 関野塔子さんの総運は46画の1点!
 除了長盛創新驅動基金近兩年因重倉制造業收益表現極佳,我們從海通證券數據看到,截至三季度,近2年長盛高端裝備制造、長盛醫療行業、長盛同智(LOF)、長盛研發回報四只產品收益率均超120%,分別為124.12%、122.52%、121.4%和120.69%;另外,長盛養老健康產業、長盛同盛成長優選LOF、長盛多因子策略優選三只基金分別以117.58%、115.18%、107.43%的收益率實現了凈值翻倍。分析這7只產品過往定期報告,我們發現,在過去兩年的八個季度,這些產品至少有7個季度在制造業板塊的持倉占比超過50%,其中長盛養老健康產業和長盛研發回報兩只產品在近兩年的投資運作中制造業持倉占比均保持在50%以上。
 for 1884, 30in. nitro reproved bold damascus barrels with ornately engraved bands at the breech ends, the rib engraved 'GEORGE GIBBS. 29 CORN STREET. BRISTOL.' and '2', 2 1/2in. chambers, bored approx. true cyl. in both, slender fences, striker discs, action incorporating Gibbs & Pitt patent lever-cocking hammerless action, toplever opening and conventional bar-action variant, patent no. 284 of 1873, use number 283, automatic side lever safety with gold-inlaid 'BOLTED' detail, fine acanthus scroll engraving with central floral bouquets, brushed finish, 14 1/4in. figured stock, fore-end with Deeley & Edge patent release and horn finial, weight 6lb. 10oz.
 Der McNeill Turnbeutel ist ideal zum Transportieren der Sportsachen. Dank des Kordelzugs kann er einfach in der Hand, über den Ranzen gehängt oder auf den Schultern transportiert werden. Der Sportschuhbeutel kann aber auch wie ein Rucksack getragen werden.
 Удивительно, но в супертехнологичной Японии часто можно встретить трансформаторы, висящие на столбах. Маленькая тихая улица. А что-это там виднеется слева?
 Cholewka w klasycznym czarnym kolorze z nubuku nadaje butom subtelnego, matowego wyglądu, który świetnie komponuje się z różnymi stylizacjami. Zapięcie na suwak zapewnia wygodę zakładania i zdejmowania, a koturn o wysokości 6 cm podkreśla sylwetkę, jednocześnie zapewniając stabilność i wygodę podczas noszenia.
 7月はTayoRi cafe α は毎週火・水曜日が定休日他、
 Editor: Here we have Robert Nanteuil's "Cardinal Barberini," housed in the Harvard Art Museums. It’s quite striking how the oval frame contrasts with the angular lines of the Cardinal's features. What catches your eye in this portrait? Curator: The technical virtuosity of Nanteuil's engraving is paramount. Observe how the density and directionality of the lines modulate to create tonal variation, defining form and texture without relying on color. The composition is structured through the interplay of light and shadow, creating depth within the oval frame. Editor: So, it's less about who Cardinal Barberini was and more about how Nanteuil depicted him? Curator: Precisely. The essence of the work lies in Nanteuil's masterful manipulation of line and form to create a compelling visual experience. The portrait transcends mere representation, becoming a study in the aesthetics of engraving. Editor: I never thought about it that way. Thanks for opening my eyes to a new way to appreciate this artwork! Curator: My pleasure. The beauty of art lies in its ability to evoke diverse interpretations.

* [Activity] Repeat word for word the lines above that run from the line containing "for 1884, 30in." through the line containing "7月はTayoRi cafe α は毎週火・水曜日が定休日他、", both ends included, and nothing else.

* [Output for this task]
 for 1884, 30in. nitro reproved bold damascus barrels with ornately engraved bands at the breech ends, the rib engraved 'GEORGE GIBBS. 29 CORN STREET. BRISTOL.' and '2', 2 1/2in. chambers, bored approx. true cyl. in both, slender fences, striker discs, action incorporating Gibbs & Pitt patent lever-cocking hammerless action, toplever opening and conventional bar-action variant, patent no. 284 of 1873, use number 283, automatic side lever safety with gold-inlaid 'BOLTED' detail, fine acanthus scroll engraving with central floral bouquets, brushed finish, 14 1/4in. figured stock, fore-end with Deeley & Edge patent release and horn finial, weight 6lb. 10oz.
 Der McNeill Turnbeutel ist ideal zum Transportieren der Sportsachen. Dank des Kordelzugs kann er einfach in der Hand, über den Ranzen gehängt oder auf den Schultern transportiert werden. Der Sportschuhbeutel kann aber auch wie ein Rucksack getragen werden.
 Удивительно, но в супертехнологичной Японии часто можно встретить трансформаторы, висящие на столбах. Маленькая тихая улица. А что-это там виднеется слева?
 Cholewka w klasycznym czarnym kolorze z nubuku nadaje butom subtelnego, matowego wyglądu, który świetnie komponuje się z różnymi stylizacjami. Zapięcie na suwak zapewnia wygodę zakładania i zdejmowania, a koturn o wysokości 6 cm podkreśla sylwetkę, jednocześnie zapewniając stabilność i wygodę podczas noszenia.
 7月はTayoRi cafe α は毎週火・水曜日が定休日他、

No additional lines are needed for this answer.